Interpretation of QED as a $U(1)$ gauge theory Forgive me if what I’m asking is too naive for this site. I'm a math student who is recently studying electrodynamics and gauge theory myself. While I'm aware of the fact that QED can be realized as a $U(1)$ gauge theory, I don't know if I have a valid understanding of this statement.
Let $A$ denote the electromagnetic 4-potential. I know that under a local gauge transformation $\mathcal{A} \mapsto \mathcal{A} + d\Lambda$, the wave function transforms correspondingly $\Psi' \mapsto e^{\frac{iq\Lambda}{\hbar}}\Psi$. Meanwhile, the Lagrangian $\mathcal{L}_{QED}$ remains unchanged under appropriate transformation of the covariant derivative. In that regard, the Lie group $U(1)$ describes the local symmetry, and the potential $A$ can be understood as a connection on the principle $U(1)$-bundle.
In the geometric realization, one can visualize the $U(1)$-bundle as the spacetime $\mathbb{R}^{1+3}$ with circles attached at each point. However, I'm wondering whether there is a physical interpretation of the fibre?  It is very attempting to think the fibre as all possible values of $\Psi(x,t)$ at a fixed spacetime point under different choices of $A$ (they have the same modulus). However, I have never seen this narrative in any physics book.
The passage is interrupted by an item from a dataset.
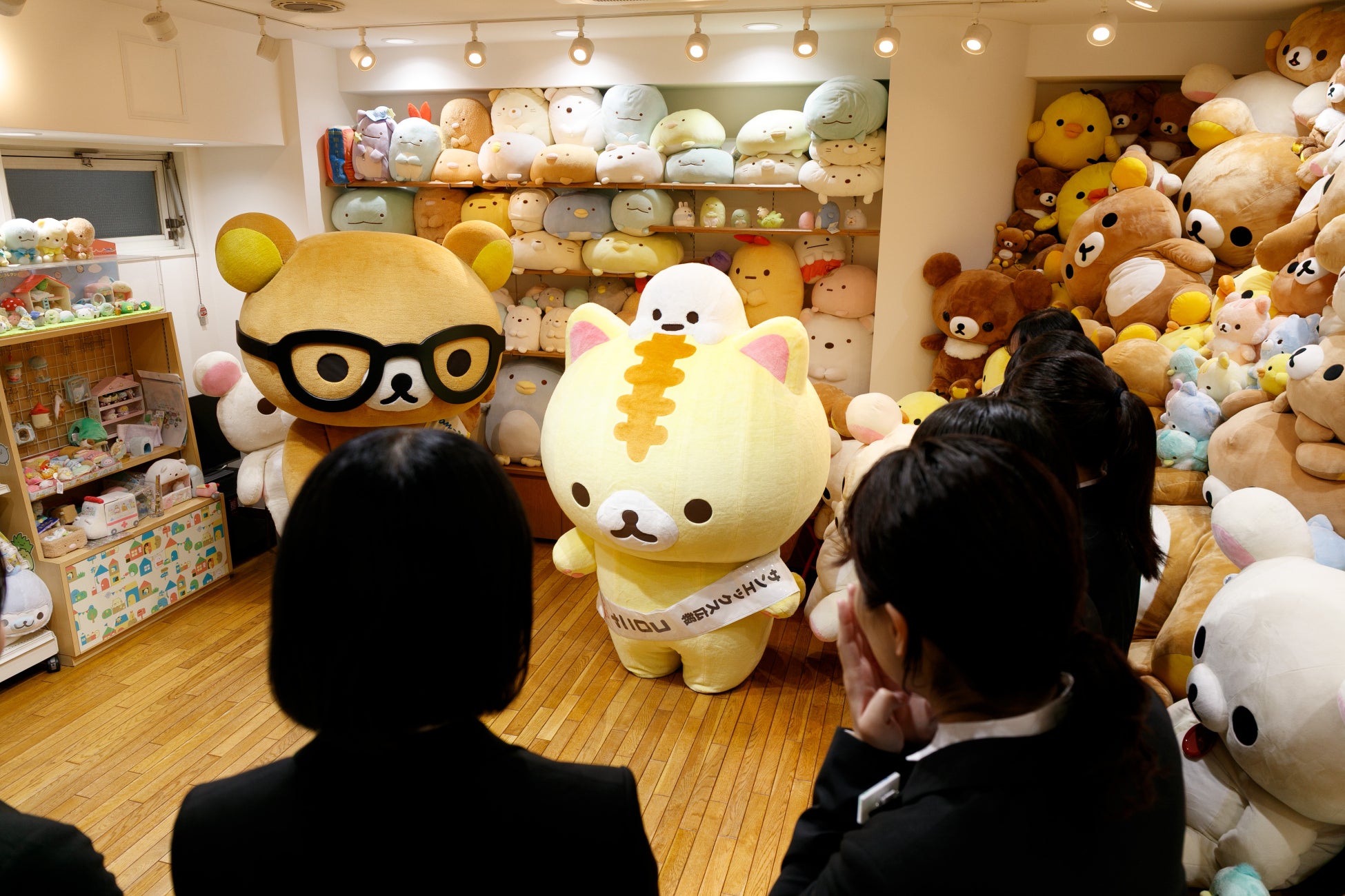 ―サンエックス2026年度入社式を実施― リラックマが“1日社長”、広報「コロニャ」が“先輩社員代表“として新入社員をお出迎えしました

 A: You are mostly correct. However, I will note that it is the fields which transform under the gauge transformations, not the states. Indeed, the (physical) states are required to be gauge invariant. This can be understood in terms of demanding observables (expectation values/correlators) to be gauge invariant, but is also equivalent to the following: there are (broadly) two major quantization schemes for gauge theories.
One which first eliminates the constraints implied by the gauge invariance (for Maxwell's equations this would be the Gauss' law on B, but more broadly is the demand that the Biancci identities of the gauge theory are satisfied). In this scheme, states which are not gauge invariant never enter the picture. For a detailed description of this calculation, see volume 1 of Weinberg's QFT series (it's a difficult read, but there are many very good things in it).
The second strategy would be to quantize without worrying about the constraints and then impose the condition that all states are gauge invariant after the fact, essentially building a larger Hilbert space and then restricting to a subspace which respects the gauge invariance. This strategy can be implemented very nicely via the BRST formalism and has close relations to the Faddeev-Popov approach to gauge fixing. This may be of more interest to you if you're looking to think about the theory as a theory on a $U(1)$ principle bundle since the BRST operator used in this approach is essentially the vertical component of the differential over the bundle when we perform the usual decomposition into vertical and horizonal distributions.
There are many beautiful aspects of these things such as a relation between the above demands of gauge invariance and the on-shell vanishing of the Noether charges associated to the gauge transformations, but before getting to the second part of your question, let me clarify one last point on the setup which will lead nicely to the rest of my answer. There are a couple bundles floating around in the geometric picture. We first have the bundle of which the fields $\Psi$ are sections. We also have the principle $U(1)$ bundle you mention.
These two bundles are related via the frame field description. I maintain that this picture is a little more natural (though technically more complex) when we look at fields which are sections over the tangent or cotangent bundles, but nonetheless, our field $\Psi$ is a section over some $\mathbb{C}$ bundle over spacetime in the $U(1)$ case.
Now, we can introduce a frame field $z$ valued in $U(1)$ such that $\Psi=\psi z$ where $\psi$ is some complex-valued function over spacetime. This field $z$ is now a section over the $U(1)$ bundle you are thinking about, and there is a natural group action on $z$ given by the transition functions which induces an action of the transition functions on $\psi$ such that $\Psi$, which should be independent of the frame fields, remains invariant.
For a book that goes into some of these things (at least to some level), see V. Parameswaran Nair's QFT book. There is also this paper. Though its interest is in anomalies, the introductory sections discuss aspects of the geometric formulation of gauge theories.